[Source records]
····················
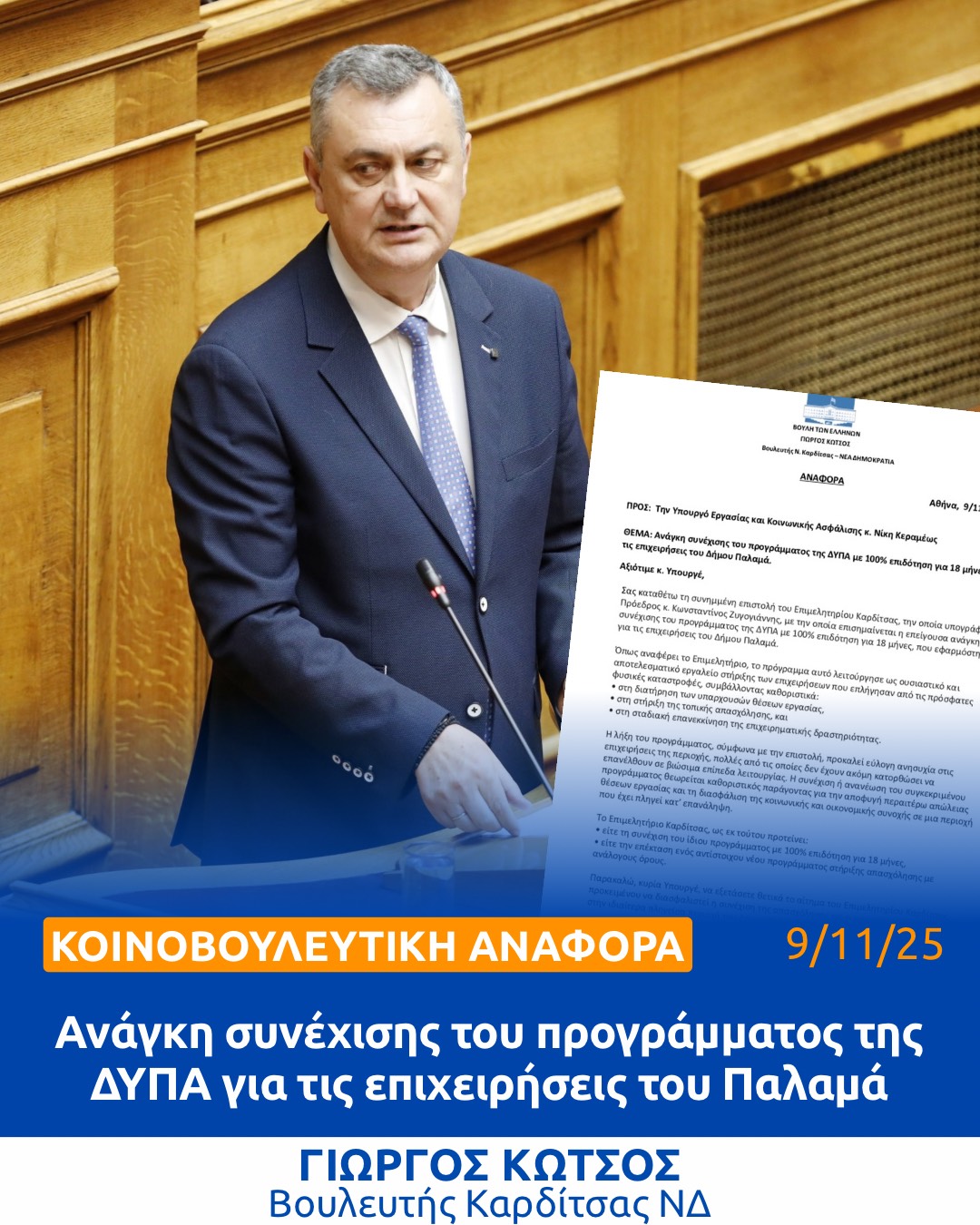 Αναφορά κατέθεσε ο Βουλευτής της Νέας Δημοκρατίας του Νομού Καρδίτσας κ. Γιώργος Κωτσός στην Υπουργό Εργασίας και Κοινωνικής Ασφάλισης, Νίκη Κεραμέως.
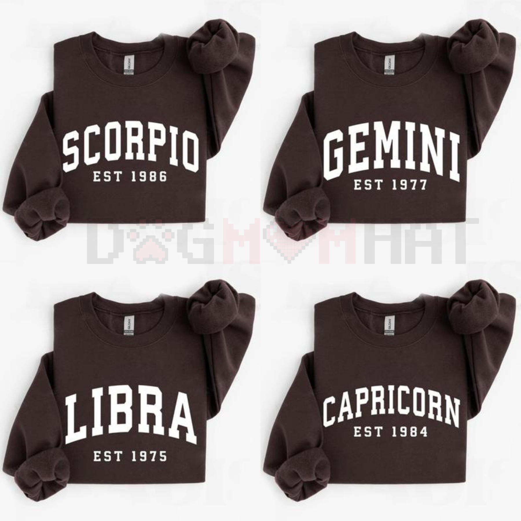 ✨🔮 Wear Your Stars. Mark Your Moment. Cozy Up to Your Cosmic Identity. The Custom Zodiac Sweatshirt with Est Year is the ultimate cozy way to celebrate personal astrology and individuality! This unique piece of apparel features a Cute Horoscope Astrology Graphic for the wearer's specific star sign, along with a personalized "Est Year"—the year they were born—making it a deeply meaningful and custom statement.
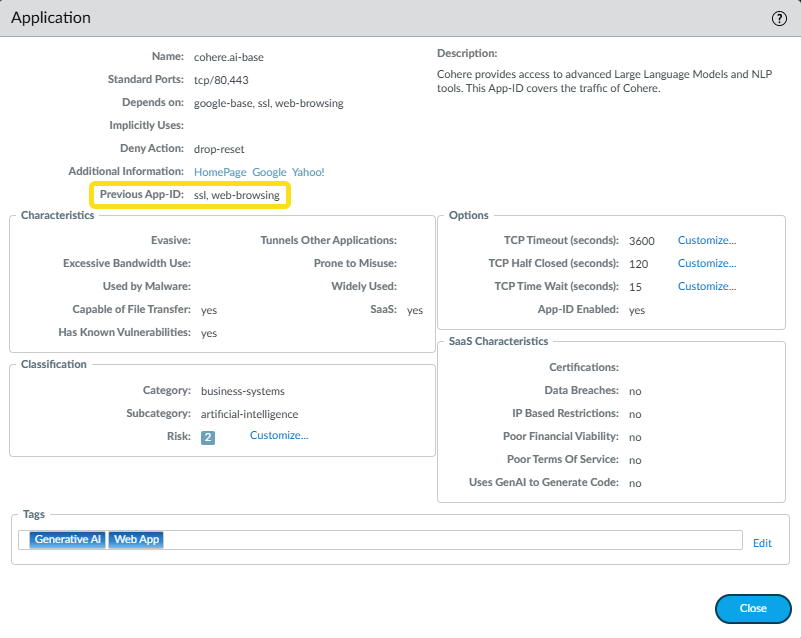 You can also search for applications based on this new attribute. The search bar in the Applications tab supports filtering by Previous App-ID, allowing you to find all applications that used to be identified as a specific legacy App-ID.
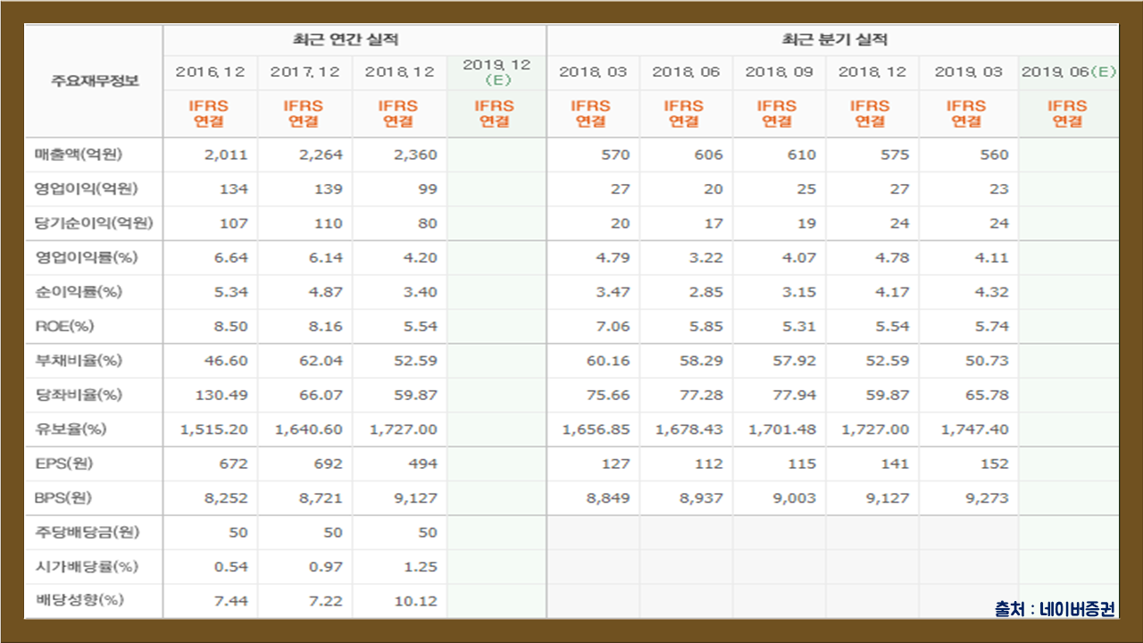 DSR의 재무정보입니다. 전년도 기준 매출액은 2360억원, 영업이익은 99억 원, 당기순이익은 80억 원을 기록하였습니다. 유보율 1727% 대비 부채 비율은 52.59%로 재무안정성은 아주 우수한 편입니다.
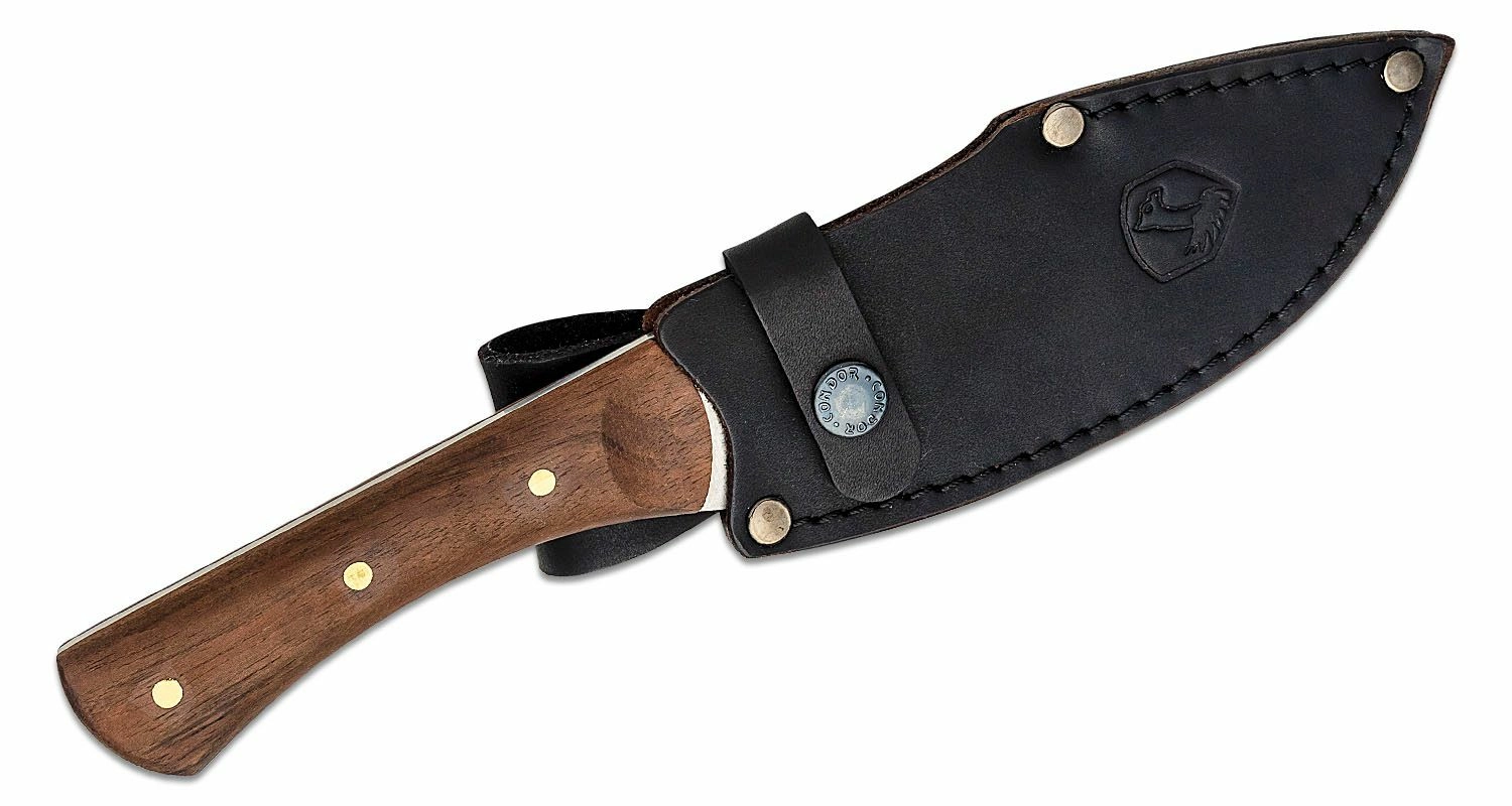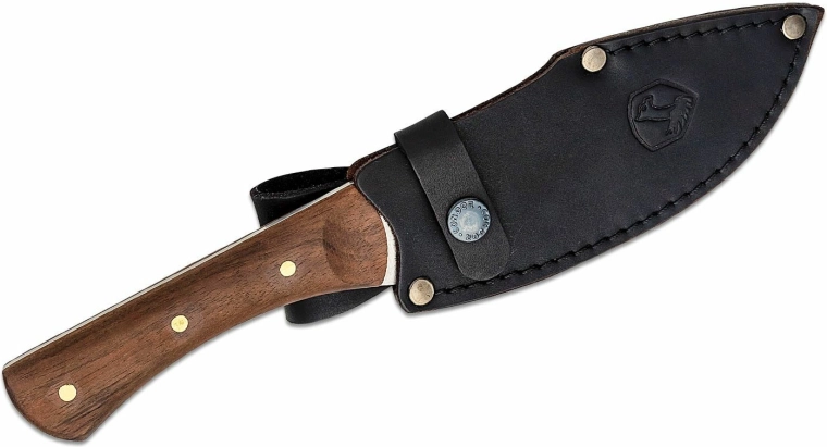 Ståltypen 440HC giver en afbalanceret kombination af korrosionsbestandighed, skarpholdbarhed og nem slibning. Det ergonomisk formede håndtag i valnøddetræ giver et sikkert og behageligt greb selv under længere arbejde. Den mørke læderskede muliggør sikker opbevaring og bæring i bæltet.
····················
**EXERCISE AIM**
All of the entries need to be retyped word for word, pictures excluded.

**REPLY**
 Αναφορά κατέθεσε ο Βουλευτής της Νέας Δημοκρατίας του Νομού Καρδίτσας κ. Γιώργος Κωτσός στην Υπουργό Εργασίας και Κοινωνικής Ασφάλισης, Νίκη Κεραμέως.
 ✨🔮 Wear Your Stars. Mark Your Moment. Cozy Up to Your Cosmic Identity. The Custom Zodiac Sweatshirt with Est Year is the ultimate cozy way to celebrate personal astrology and individuality! This unique piece of apparel features a Cute Horoscope Astrology Graphic for the wearer's specific star sign, along with a personalized "Est Year"—the year they were born—making it a deeply meaningful and custom statement.
 You can also search for applications based on this new attribute. The search bar in the Applications tab supports filtering by Previous App-ID, allowing you to find all applications that used to be identified as a specific legacy App-ID.
 DSR의 재무정보입니다. 전년도 기준 매출액은 2360억원, 영업이익은 99억 원, 당기순이익은 80억 원을 기록하였습니다. 유보율 1727% 대비 부채 비율은 52.59%로 재무안정성은 아주 우수한 편입니다.
 Ståltypen 440HC giver en afbalanceret kombination af korrosionsbestandighed, skarpholdbarhed og nem slibning. Det ergonomisk formede håndtag i valnøddetræ giver et sikkert og behageligt greb selv under længere arbejde. Den mørke læderskede muliggør sikker opbevaring og bæring i bæltet.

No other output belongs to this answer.